I logged in to the GISAID website, and found the sequences data there are as the following: it has four files, i.e., readme FASTA header format, allprot0104(57MB), spikeprot0104(6MB), nextregions. Among these, readme FASTA header format, allprot0104(57MB) and spikeprot0104(6MB) are under the Alignment and proteins menu and the file nextregions is under the menu Genomic epidemiology. As I recalled earlier, the sequences data in GISAID is as the following. It has six files, with names msa_0505(132MB), allprot0506(3MB), spikeprot0506(455KB), nextmeta(155KB), nextfasta(13MB), and nextregions. Among these, the first three files are under the menu Alignment and proteins, and the last three files are under the menu Genomic epidemiology. Could anyone please explain to me what are the data updates ?
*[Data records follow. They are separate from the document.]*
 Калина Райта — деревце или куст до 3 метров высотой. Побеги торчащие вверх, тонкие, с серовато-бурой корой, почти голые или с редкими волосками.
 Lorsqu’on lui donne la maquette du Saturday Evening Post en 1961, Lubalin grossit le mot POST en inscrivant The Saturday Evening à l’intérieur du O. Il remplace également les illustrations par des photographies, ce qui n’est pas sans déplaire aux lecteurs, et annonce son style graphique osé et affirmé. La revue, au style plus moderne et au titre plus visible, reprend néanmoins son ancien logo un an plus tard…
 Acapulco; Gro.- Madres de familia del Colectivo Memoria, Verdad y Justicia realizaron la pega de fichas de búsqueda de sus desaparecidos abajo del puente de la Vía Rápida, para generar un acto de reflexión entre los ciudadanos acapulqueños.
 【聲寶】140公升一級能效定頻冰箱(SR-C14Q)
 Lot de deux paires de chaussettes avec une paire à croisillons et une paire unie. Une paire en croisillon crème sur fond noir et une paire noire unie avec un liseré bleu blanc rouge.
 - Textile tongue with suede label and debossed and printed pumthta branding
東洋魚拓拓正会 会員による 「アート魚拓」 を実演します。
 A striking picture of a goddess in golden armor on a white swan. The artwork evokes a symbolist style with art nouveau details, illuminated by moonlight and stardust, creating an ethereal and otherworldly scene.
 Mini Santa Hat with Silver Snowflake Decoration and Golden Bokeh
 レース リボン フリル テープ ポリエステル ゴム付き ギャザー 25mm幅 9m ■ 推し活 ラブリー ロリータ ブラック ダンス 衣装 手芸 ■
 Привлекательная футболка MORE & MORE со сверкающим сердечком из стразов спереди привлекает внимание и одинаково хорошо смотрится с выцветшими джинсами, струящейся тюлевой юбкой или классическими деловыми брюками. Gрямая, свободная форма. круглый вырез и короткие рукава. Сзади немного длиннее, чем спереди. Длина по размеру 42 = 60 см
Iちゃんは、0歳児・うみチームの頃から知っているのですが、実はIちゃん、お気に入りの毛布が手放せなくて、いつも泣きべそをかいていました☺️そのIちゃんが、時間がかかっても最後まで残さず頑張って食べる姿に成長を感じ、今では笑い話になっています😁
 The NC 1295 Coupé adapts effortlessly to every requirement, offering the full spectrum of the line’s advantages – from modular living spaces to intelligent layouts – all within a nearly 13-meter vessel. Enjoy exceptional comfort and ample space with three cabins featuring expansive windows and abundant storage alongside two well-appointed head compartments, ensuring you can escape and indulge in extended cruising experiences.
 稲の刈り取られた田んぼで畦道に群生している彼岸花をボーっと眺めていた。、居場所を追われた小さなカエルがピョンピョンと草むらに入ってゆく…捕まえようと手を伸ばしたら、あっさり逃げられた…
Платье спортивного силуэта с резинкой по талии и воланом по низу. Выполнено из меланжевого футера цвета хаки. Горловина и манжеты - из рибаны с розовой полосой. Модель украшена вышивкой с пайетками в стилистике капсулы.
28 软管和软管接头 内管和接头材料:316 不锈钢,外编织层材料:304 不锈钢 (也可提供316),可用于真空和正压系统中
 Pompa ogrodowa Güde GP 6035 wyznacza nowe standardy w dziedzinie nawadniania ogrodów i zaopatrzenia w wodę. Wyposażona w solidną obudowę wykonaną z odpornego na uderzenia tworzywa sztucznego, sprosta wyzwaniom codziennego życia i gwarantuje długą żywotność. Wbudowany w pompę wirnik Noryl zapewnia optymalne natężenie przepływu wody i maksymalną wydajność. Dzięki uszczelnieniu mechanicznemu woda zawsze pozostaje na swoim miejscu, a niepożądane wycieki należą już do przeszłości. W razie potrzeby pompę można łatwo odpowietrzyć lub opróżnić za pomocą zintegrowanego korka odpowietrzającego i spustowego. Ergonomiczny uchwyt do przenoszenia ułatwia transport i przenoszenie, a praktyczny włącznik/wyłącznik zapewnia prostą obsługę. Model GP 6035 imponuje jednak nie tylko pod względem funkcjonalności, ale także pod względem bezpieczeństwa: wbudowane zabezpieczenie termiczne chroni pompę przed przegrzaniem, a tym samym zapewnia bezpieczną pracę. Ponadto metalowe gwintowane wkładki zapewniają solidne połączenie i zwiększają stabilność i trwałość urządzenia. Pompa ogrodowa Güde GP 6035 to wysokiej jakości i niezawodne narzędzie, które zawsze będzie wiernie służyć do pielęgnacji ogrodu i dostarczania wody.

@2001linana, you have asked many questions in quick succession which, connecting the dots, appear to be in some way related to COVID19 phylogenomics.
I think you would be better served if you asked one detailed question, which lays out exactly what you are trying to achieve, rather than us reading between the lines in many separate and half-complete questions. It seems you are trying everything under the sun to parse files, download genomes etc, and I worry that you are perhaps stumbling around in the dark and maybe giving up on the right approach when you encounter challenges.
Did you look at the
readme
files that seem to be present? Generally they should have the information you are looking for based on the names of the files you posted above (I don't have a GISAID account to check).